International career
- 1930–1938: Portugal / 10 / (0)

= Gustavo Teixeira =

Portuguese footballer

Gustavo Antunes Teixeira (born 26 December 1908 – 1 January 1987) was a Portuguese footballer who played as defender.

Over the course of 4 seasons, he amassed Primeira Liga totals of 65 games, spending most of his career at Benfica, winning four major titles.

==Career==
Born in Vila Real in Trás-os-Montes, Teixeira joined Casa Pia at the age of 10, and was deployed as centre forward; a position he excelled and led him to the national team, debuting on 8 June 1930, in a 1–2 defeat against Belgium in Antwerp. He made a further nine caps for Portugal.

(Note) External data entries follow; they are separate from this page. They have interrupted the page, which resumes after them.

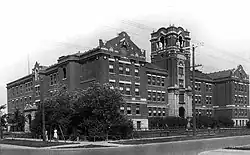 Designed by Winnipeg school architect J. B. Mitchell and built between 1910 and 1912, St. John's Technical High School opened for classes in 1912.[2] Its twin, Kelvin Technical High School, opened around the same time for students from the southern part of the city. With exteriors of Tyndall stone and red brick, the interior floor plans for the two schools were identical.[3]: 187 The basement housed rooms for “technical” instruction in machining, woodworking, electrical work, mechanical drawing, and plumbing; dressing rooms for the gymnasium; the boiler room; four toilets; and two offices for teachers.[3]: 189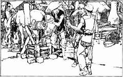 我总觉得应该画我所喜欢画的画,我会用心去画,在画里面渗透我的追求、我的思想、我的情感。也不知什么原因,我特别钟爱军事题材,我崇拜军人(可惜没能当上兵)。小的时候,我和弟弟曾躲在家中用纸叠出一把把小手枪插在腰上,然后在纸上画了一大堆的“好人”与“坏人”在战斗,也算是过了一把瘾。这爱好倒也给我在以后从事连环画创作中带来了不少的好处。学生时代,我收藏了大量军事题材的印刷品。我藏有的两册苏联卫国战争油画集,使我爱不释手。从敬佩列宾、苏里柯夫,到后来认识了德拉克洛瓦和大卫。《近卫军临刑的早晨》、《伏尔加河上的纤夫》、《但丁的渡舟》、《希阿岛的屠杀》、《马拉之死》……一幅幅印刷品,深深地打动了我的心,我开始向往历史画的创作了。在我收集剪贴中,大半是前辈画家创作的历史画印刷品。至今还清晰地记得有鲍加的《淮海战役》、蔡亮的《延安的火炬》、全山石的《宁死不屈》、詹建俊的《狼牙山五壮士》等。这些作品和日后在学院中临摹过的中国古代名画一样,对我今天在创作上的成长和成熟起了非常重要的作用,促使我走上了这条充满艰辛的历史画创造道路。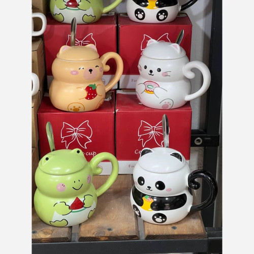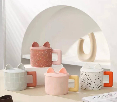 ماگ گوش گربه سرامیکی درب دار سیلیکونی

After over a decade at Casa Pia, he was invitated to the celebrations of the 28th anniversary of Benfica, on 28 February 1932, where he signed his transfer to Benfica. Ribeiro dos Reis used him instead as a half-back, on his debut on 13 November 1932 in a home win against Carcavelinhos. In his first year, he helped the club conquer the Campeonato de Lisboa, that was missing for 13 years.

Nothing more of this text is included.